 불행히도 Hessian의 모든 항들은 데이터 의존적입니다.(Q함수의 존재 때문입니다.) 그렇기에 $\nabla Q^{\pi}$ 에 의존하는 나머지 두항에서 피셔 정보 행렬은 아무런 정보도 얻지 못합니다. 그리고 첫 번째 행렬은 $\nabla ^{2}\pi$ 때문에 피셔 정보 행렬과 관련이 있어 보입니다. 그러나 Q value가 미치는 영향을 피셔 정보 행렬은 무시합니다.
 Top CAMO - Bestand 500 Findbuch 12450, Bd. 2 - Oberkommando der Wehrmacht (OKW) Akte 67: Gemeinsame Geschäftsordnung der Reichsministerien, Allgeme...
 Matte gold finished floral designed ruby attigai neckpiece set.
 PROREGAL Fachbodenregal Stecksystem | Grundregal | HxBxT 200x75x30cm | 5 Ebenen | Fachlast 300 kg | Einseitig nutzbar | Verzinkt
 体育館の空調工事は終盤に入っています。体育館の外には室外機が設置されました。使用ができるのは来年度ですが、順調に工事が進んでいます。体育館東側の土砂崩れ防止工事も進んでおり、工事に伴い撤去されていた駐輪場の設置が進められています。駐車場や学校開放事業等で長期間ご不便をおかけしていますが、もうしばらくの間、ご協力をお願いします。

==

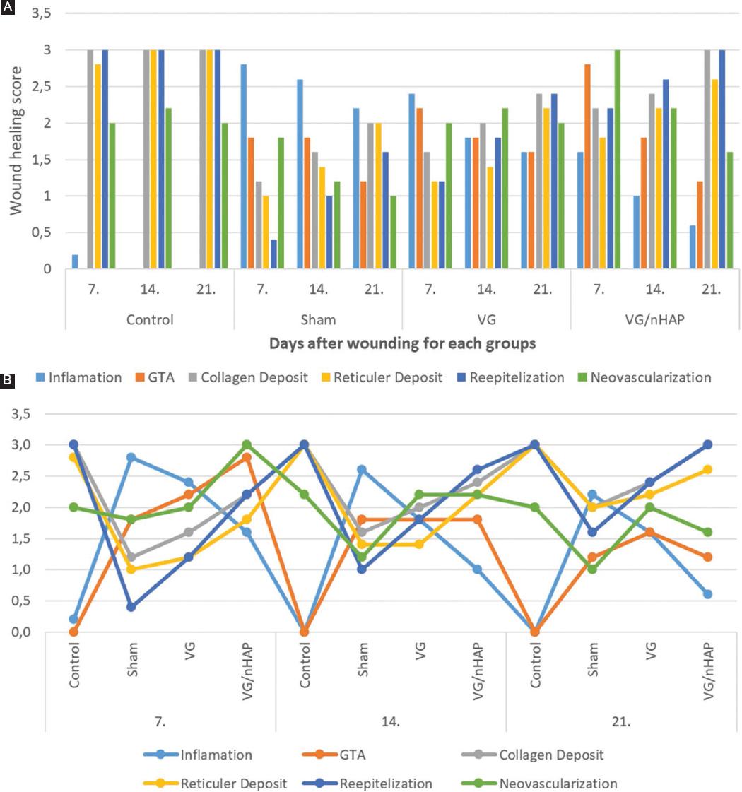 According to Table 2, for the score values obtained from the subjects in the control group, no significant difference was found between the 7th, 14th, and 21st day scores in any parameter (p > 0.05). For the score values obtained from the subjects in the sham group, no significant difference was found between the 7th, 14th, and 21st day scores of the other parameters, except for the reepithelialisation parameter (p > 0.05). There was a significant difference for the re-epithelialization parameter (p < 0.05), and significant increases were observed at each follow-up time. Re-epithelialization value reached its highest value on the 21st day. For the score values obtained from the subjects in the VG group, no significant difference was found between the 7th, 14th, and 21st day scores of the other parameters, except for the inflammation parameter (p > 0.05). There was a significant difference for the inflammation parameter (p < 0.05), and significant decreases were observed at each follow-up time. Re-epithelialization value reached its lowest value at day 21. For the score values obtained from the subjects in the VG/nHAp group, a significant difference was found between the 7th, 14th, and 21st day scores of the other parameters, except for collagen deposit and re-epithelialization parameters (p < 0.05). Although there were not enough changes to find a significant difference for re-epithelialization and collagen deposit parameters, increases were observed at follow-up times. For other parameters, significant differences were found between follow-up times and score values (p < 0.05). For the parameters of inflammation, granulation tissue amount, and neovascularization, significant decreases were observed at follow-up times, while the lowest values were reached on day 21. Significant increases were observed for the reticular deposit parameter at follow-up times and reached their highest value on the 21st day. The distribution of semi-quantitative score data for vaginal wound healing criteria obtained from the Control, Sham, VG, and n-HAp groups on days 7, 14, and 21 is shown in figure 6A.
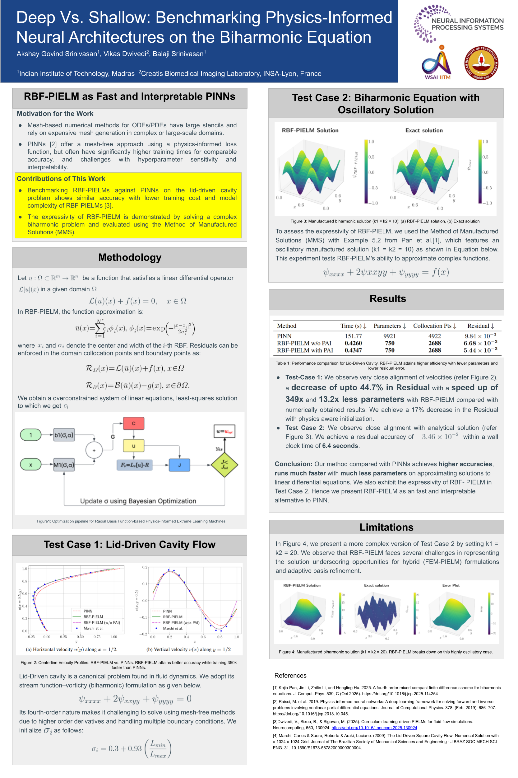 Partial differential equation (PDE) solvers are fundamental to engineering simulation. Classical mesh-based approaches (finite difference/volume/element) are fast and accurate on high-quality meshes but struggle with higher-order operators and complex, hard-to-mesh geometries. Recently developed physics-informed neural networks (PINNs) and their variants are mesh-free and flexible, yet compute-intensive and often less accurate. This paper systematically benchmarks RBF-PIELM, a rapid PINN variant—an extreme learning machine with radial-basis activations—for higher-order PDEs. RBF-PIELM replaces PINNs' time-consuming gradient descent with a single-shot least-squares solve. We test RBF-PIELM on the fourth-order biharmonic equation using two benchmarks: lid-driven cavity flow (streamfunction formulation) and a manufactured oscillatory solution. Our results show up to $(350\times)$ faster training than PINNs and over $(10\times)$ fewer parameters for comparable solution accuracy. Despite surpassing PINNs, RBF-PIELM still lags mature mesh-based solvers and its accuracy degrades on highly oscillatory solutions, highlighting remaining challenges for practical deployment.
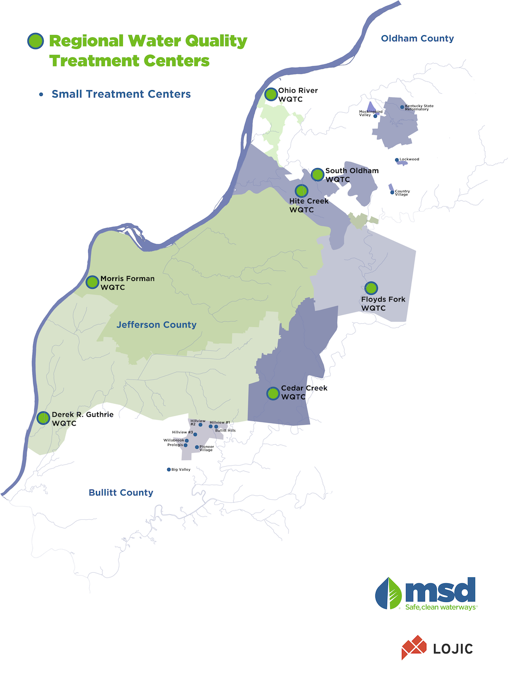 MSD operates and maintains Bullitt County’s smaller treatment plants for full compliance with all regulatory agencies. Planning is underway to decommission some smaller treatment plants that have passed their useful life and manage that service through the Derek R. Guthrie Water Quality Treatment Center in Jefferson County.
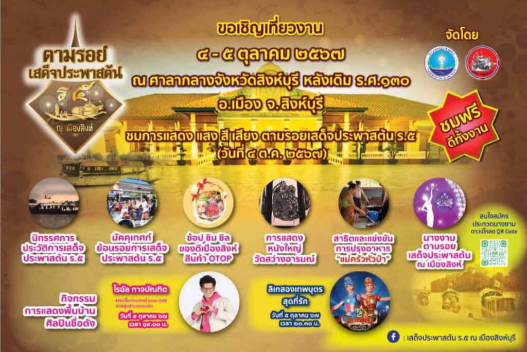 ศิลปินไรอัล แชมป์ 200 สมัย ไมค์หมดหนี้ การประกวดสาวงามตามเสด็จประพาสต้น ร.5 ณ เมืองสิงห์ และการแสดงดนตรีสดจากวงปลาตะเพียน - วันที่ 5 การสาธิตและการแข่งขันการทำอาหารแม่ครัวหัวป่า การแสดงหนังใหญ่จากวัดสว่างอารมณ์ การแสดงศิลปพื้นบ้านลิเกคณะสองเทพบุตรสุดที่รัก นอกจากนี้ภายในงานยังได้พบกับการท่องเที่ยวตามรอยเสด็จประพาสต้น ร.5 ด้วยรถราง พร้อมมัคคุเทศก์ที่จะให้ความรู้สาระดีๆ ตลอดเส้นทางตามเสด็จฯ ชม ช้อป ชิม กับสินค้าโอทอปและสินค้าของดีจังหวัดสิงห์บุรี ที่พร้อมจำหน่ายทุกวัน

--

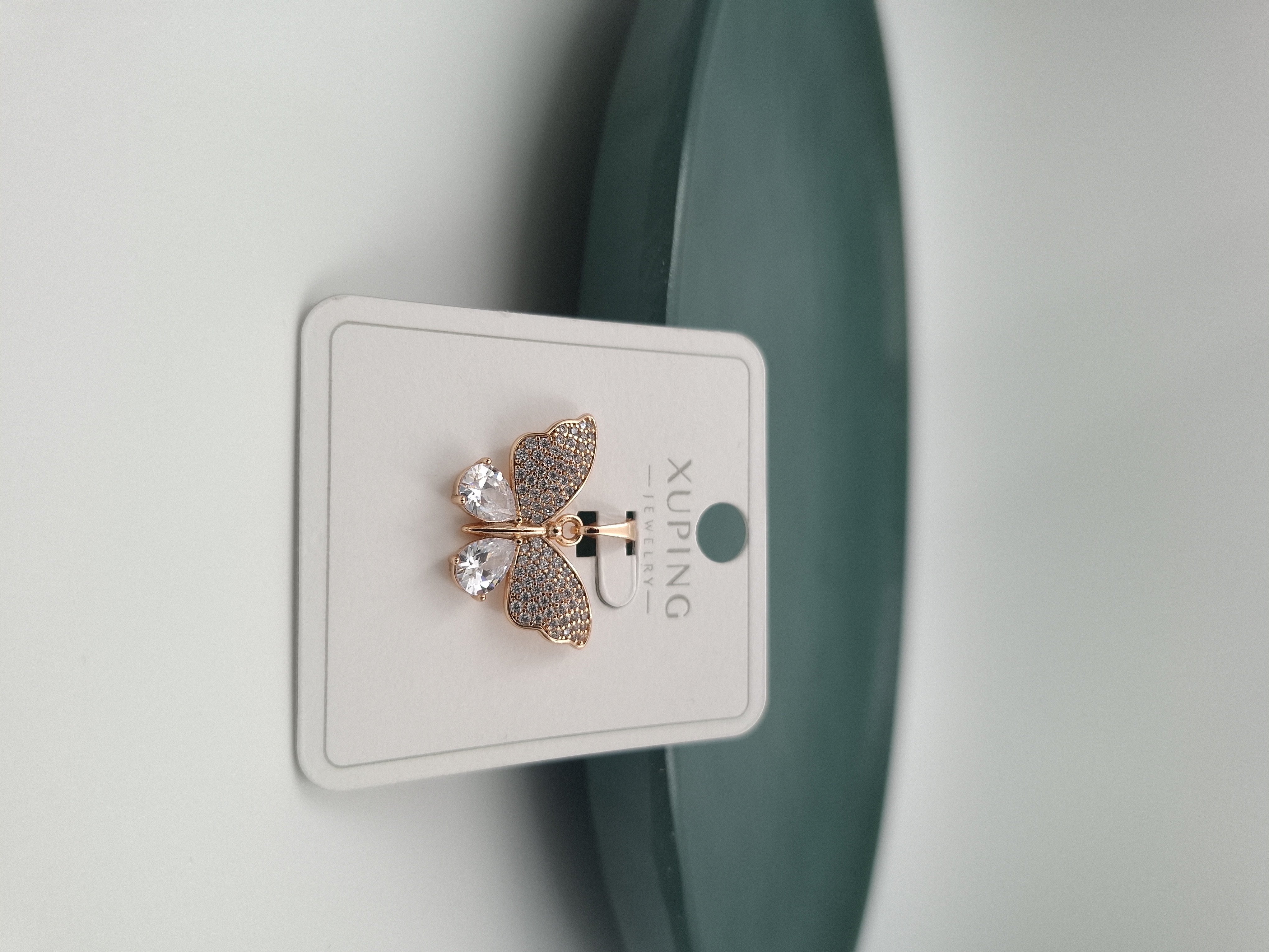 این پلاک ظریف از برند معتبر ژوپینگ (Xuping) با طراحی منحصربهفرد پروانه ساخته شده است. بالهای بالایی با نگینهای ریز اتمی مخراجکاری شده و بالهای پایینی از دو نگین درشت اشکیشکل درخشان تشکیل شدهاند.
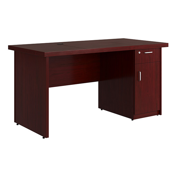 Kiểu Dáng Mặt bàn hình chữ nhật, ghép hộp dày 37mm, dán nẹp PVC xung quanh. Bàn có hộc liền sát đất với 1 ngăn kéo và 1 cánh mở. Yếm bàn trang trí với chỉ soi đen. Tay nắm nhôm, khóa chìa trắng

# What the task asks:
The range runs from the line with "Matte gold finished" up to and including the line with "体育館の空調工事は終盤に入っ" in the listing above; please write out exactly those lines and nothing more.

# Response area:
 Matte gold finished floral designed ruby attigai neckpiece set.
 PROREGAL Fachbodenregal Stecksystem | Grundregal | HxBxT 200x75x30cm | 5 Ebenen | Fachlast 300 kg | Einseitig nutzbar | Verzinkt
 体育館の空調工事は終盤に入っています。体育館の外には室外機が設置されました。使用ができるのは来年度ですが、順調に工事が進んでいます。体育館東側の土砂崩れ防止工事も進んでおり、工事に伴い撤去されていた駐輪場の設置が進められています。駐車場や学校開放事業等で長期間ご不便をおかけしていますが、もうしばらくの間、ご協力をお願いします。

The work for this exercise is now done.